The "Upload files for Template" page is written confusingly

Bug #264122 reported by Andrew Sayers
10
This bug affects 1 person
Affects Status Importance Assigned to Milestone
Launchpad itself
Invalid
Undecided
Unassigned

Bug Description

This is the third in a series of three reports based on question #43756, suggesting ways to improve the translation interface.

The text on the "Upload files for Template" page is confusing to users. An example of this page is:

https://translations.launchpad.net/remote-help-assistant/trunk/+pots/remote-help-assistant/+upload

The text currently reads:

Here you can upload either a single PO template (.pot) or a tar file containing a PO template and a set of PO files (.tar, .tar.gz or .tar.bz2). The files you upload will be imported into Launchpad shortly.

This page doesn't make it clear that the file(s) will need an automatic review, how long "shortly" is, how this page differs from the main upload page, or what happens when strings in the old template don't appear in the new template. The first sentence is also needlessly different to that on the main upload page. A better message would be:

<p>Upload either a single file (.pot / .po) or a tar file containing a PO template and a set of PO files (.tar, .tar.gz, .tgz or .tar.bz2). The files you upload will be automatically reviewed before being imported into Launchpad. The automatic review should take a few hours. In the unlikely event that the automatic review fails, an admin will review your upload and import it in a few days.</p>

<p>Once your upload has been reviewed, Launchpad will update the translation pages for this template. Strings that don't appear in the new template will be removed from the translation pages, so if you have updated some strings - such as to correct spelling mistakes - then you should <a href="+export">download everything associated with your current template as a collection of PO files</a> before uploading your new template. You can open PO files in a text editor, and read through them to help write new translations.

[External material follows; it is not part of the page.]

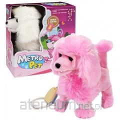 Pies pudel chodzący na smyczy MIX

Alternatively, you can upload an old translation template to bring its associated translations.</p>

<p>If you would rather leave this template unchanged, and add another template to your project instead, <a href="../../+translations-upload>click here</a>.</p>

Note that the second paragraph addresses a problem I've encountered, where some translations were hidden when I rewrote strings while moving them into a Glade file. If Launchpad handles that sort of thing transparently in normal cases, replace the second paragraph above with this:

<p>Once your upload has been reviewed, Launchpad will update the translation pages for this template. Launchpad will usually spot updated strings and move the translations across, but can miss strings that have changed too much. If Launchpad fails to move some of your translations across, you should upload your old template to get translations back, <a href="+export">download everything associated with the old template</a> as a collection of PO files, then upload the new template again. You can open PO files in a text editor and read through them to help manually import translations.</p>

description: updated
Revision history for this message
Jeroen T. Vermeulen (jtv) wrote :

We can't throw too much text at the user, so the question is: does this cover the biggest problems we can address with a few words on this page? I'm not convinced that explaining the basics of PO templates is worth it—especially since any surprises come _after_ the user has skipped over this text.

We also can no longer afford to make these explanations completely specific to gettext.

Revision history for this message
Andrew Sayers (andrew-bugs-launchpad-net) wrote :

In my opinion, the most important thing is the suggestion that users download the old templates, as I've got into trouble before by not doing so. How about moving the text about automatic vs. manual review to the "translation status" page?

Incidentally, much of the text on this page is an attempt to document issues in LP rather than fixing them - the text could be much shorter if the issues were fixed. If there's resources available to fix the bugs alluded to, I can post reports discussing other solutions.

Revision history for this message
Jeroen T. Vermeulen (jtv) wrote :

There are some things that we can improve, given the time. But I don't see any actual bugs alluded to here, and the issues won't go away completely! For example, changing an English string in a template means removing one and adding another—but that's just basic gettext operation. There's no way for software to decide whether an old string and a new one are "the same one, just differently worded" or very different messages that may or may not happen to be in the same place. The best we can do is recognize some specific patterns and/or require more information from the user.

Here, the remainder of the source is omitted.